Among Fig. 3, picture signal sig is imported into AD converter 1.In addition, horizontal-drive signal H and vertical synchronizing signal V are imported into timing generator circuit 15.AD converter 18 is converted to the view data of data-signal with picture signal sig, and view data is outputed to number of scans converter section 19 and APL test section 30.The average brightness level of APL test section 30 inspection image data.Number of scans converter section 19 is converted to view data corresponding to the pixel count of panel 1 with view data, and outputs to a son converter section 20.A son converter section 20 is divided into the view data of each pixel corresponding to a plurality of sub a plurality of bits, and each view data of sub is outputed to data electrode driver circuit 12 and lights rate calculating part 40.Light rate calculating part 40 and calculate the rate of lighting of this child field, just keep the ratio of the arc chamber of discharge based on the view data of each son field.Data electrode driver circuit 12 is converted to the view data of each son field the signal of corresponding each data electrode D1~Dm and drives each data electrode.
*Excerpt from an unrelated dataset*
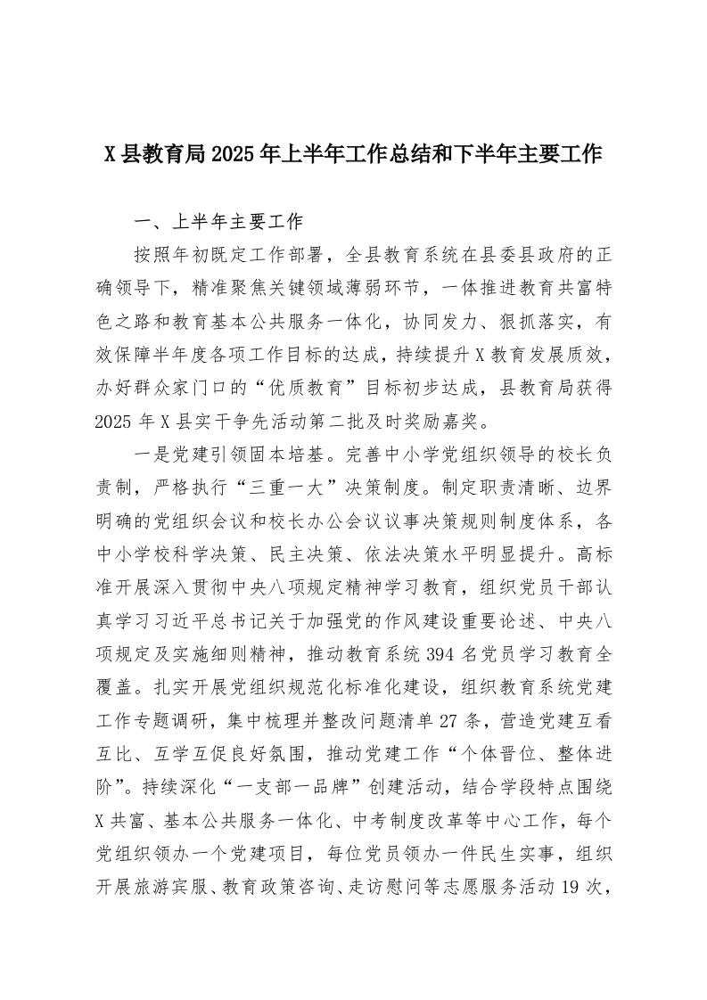 首页公文大全总结报告X县教育局2025年上半年工作总结和下半年主要工作

Timing generator circuit 15 generates various clock signals and offers each circuit module based on horizontal-drive signal H and vertical synchronizing signal V.Scan electrode driving circuit 13 provides drive waveforms based on clock signal to scan electrode SCN1~SCNn, keeps electrode drive circuit 14 and provides drive waveforms based on clock signal to keeping electrode SUS1~SUSn.At this, timing generator circuit 15 is based on the APL that is exported from APL test section 30 and from lighting the rate of the lighting signal controlling drive waveforms that rate calculating part 40 is exported.Particularly as described later, based on APL and light the rate signal and the initialization action that determines to constitute each height field of 1 be the initialization of full chamber or selectivity initialization one of them, in the full chamber initialization action number of times in controlling 1, Control Allocation writes discharge time (below, abbreviate " write time " as) to each arc chamber.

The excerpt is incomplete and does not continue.